How To Implement A Price Hike

And you thought 2011 was going to go out on a quiet note.

With one working day left in the year, Verizon Wireless announced that it would impose a $2 “convenience” fee on customers who make a one-time payment using a debit or credit card, online or by telephone. The company claimed that the fee was:

“… designed to address costs incurred by us for only those customers who choose to make single bill payments.”

Given the events of 2011, it’s hardly surprising that consumer advocate groups and the press jumped all over this, creating a ton of bad press for Verizon Wireless. The company’s attempt to justify the fee because of “costs incurred” is indefensible.  

The bad PR could have been avoided had Verizon Wireless been a graduate of the Snarketing School of Public Relations.

If Verizon Wireless were a certified snarketer, its press release would have looked like the following:

Verizon Wireless Announces A $2 "One-Percenter" Fee

Starting January 15, 2012, Verizon will impose a $2 fee on
customers who make one-time payments using credit (and debit)
cards online and over the phone.

An analysis of customer records indicates that customers who
use their credit card to make one-time payments are predominantly
wealthy millionaires working in the financial services industry. 
For the vast majority of Verizon Wireless customers who pay their
bills by check, cash, online through their bank site or through
recurring payments on the Verizon Wireless web site, no additional
fee will be charged.

PR problem solved. 

Ironically, I’m only half joking. In a 2008 Aite Group report that I wrote, I found that:

“Consumers that earn more than US$100k are more than twice as likely as those who earn less than US$50k to pay monthly bills with a debit or credit card.”

Not-so-ironically, however, is that the purpose of the report was to demonstrate to marketers (specifically those who bill customers monthly or frequently) that card-based payers were an attractive segment of customers because of their demographics and attitudes (e.g., they’re more likely than other customers to want to receive marketing communications from the firms they do business with). 

Of course, there’s no better way to shoot yourself in the foot than to impose a fee on the customers who may be your best customers.

Bank Marketing 2011: Year In Review

Tis’ the season to make predictions and identify trends for the coming year (or trendictions if you’re so inclined). I’m a lousy prognosticator, so it wasn’t much of a decision, on my part, to not join in the party.

Hopefully, you’ll agree with Constellation Group analyst Neil Raden — as I do — who tweeted the following:

“A post mortem of the year past is 1000 times more useful than a prediction of the year to come. Sadly, the ratio of ink is reversed.”

So here’s my post mortem for bank marketing for 2011:

1. The Shroud of Durbin. Like an old, smelly, rotting, disgusting tarp (pun intended), the Durbin amendment covered the financial services industry in 2011, blocking any rays of light that might have brightened up the industry as the economy continued to flounder under this total failure of a president.

Although the proposal to drastically cut the debit card interchange fee that large banks receive was poorly conceived from the start, banks’ reactions to the amendment weren’t very rational, let alone effective.

You would think that most banks would have an economist on staff — that is, someone who understands the concept of price elasticity. As the cost of something declines, the demand for it typically rises. The extent to which demand rises determines how elastic that demand is.

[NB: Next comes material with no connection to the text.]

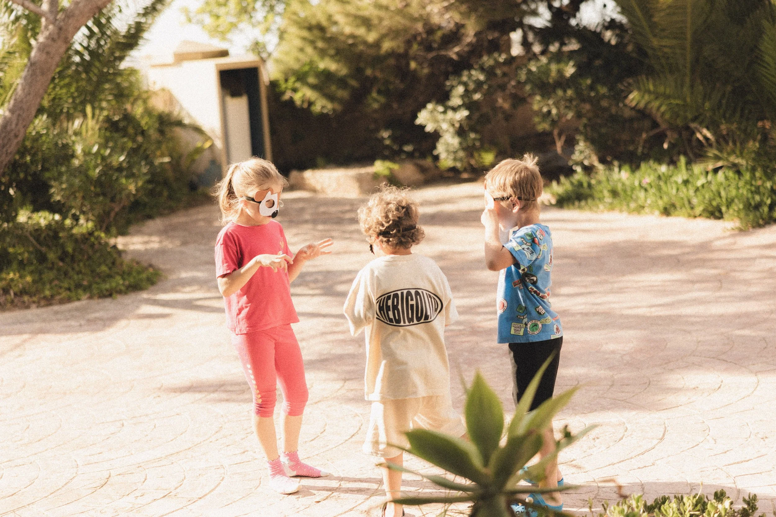 Three children wearing masks stand on a sunny outdoor patio, engaged in conversation, with lush greenery surrounding them.

As the “cost” of debit card interchange declined (by force), it’s conceivable that merchants and retailers desire to accept the card — especially in lieu of cash and checks — would increase. While an increase in the use of debit cards in this scenario might not have made up for the total fees lost to the price change, this would have been a more palatable scenario to what did happen.

By attempting to recoup potential lost interchange revenue with account fees, banks pointed their loaded guns at their feet — and shot away.

What the Shroud of Durbin leads me to believe is that bank marketers are not masters of their domain. I don’t think a lot of the marketing people I talk to had any trouble foreseeing the potential issues here. But they’re not in charge of pricing. I think it was the CFO organizations who pushed for, and drove these fee increases. And then the banks suffered, and the fingers were pointed at marketing.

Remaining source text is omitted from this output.